For a comprehensive overview of each transaction you execute with Circle's Web3 APIs, the Web3 Services Console provides detailed access to API logs. By examining these logs, you gain valuable visibility into how your application interacts with Circle APIs, which can be pivotal for various aspects including troubleshooting, performance optimization, and security oversight by highlighting any abnormal activities. For detailed records of your API interactions, please refer to the API Logs section.

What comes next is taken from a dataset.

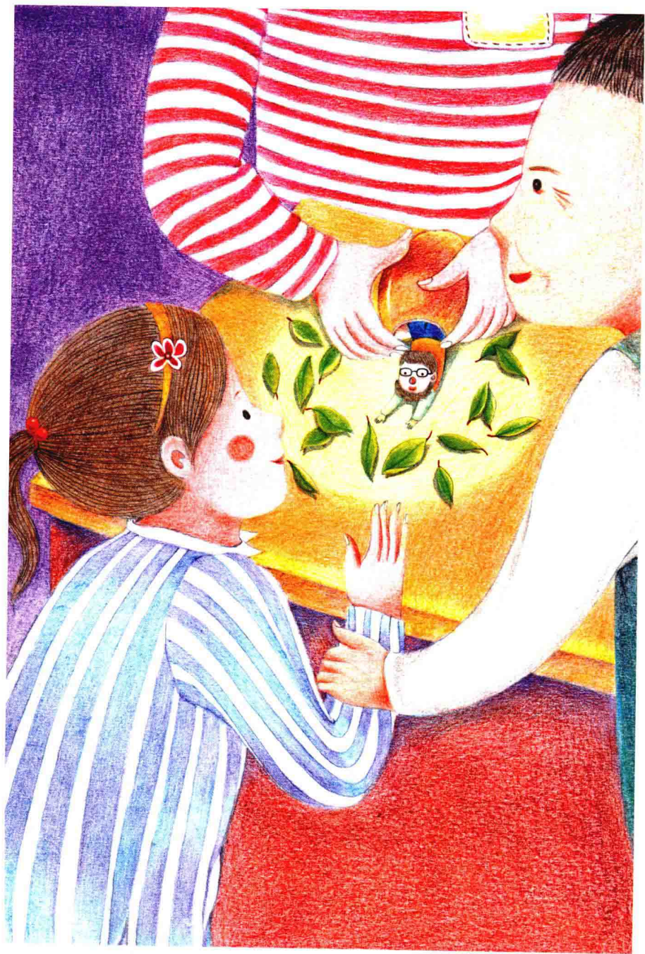
爸爸表演魔术，花样百出，为患病的小女孩儿带去快乐和慰藉

Within the scope of our Quickstart guide, the API log is indispensable for gaining insights into specific API calls and the objects that are created as a result. Think of the API log as a detailed record that allows you to retrieve the unique IDs of objects that have been generated, especially when these IDs are needed for subsequent API interactions. API logs are a crucial educational resource that simplify the debugging process and help you methodically comprehend the intricacies of the API's operations. Hence, the API log is not only instrumental in improving operational workflows but also serves as a valuable asset for your development projects.

Step 5: Initiating Developer-Controlled Wallet Creation

We have reached an exciting milestone: setting up your initial developer-controlled wallet within the web3 realm. Now that you have your API key and Entity Secret Ciphertext, we're positioned to begin the creation process. Let's proceed with the details.

The Developer-Controlled Wallet Explained

In the context of web3, a wallet extends beyond a mere repository for digital assets such as tokens or NFTs. It represents the core conduit for interacting on the blockchain network. Essentially, a wallet is defined by a distinct address with associated metadata recorded on the blockchain.

For your developer-controlled wallets:

Address

An address functions as a distinct identifier within a blockchain ecosystem. It's important to note that while an address is unique, it can be consistent across various EVM-compatible blockchains, allowing multiple wallets to share the same address.

Custody Type

This aspect indicates the entity responsible for the management of private keys—either the end user or the developer. In our context, we're examining developer-controlled wallets, which offer enhanced manageability and can be customized to align with the particular demands of your application.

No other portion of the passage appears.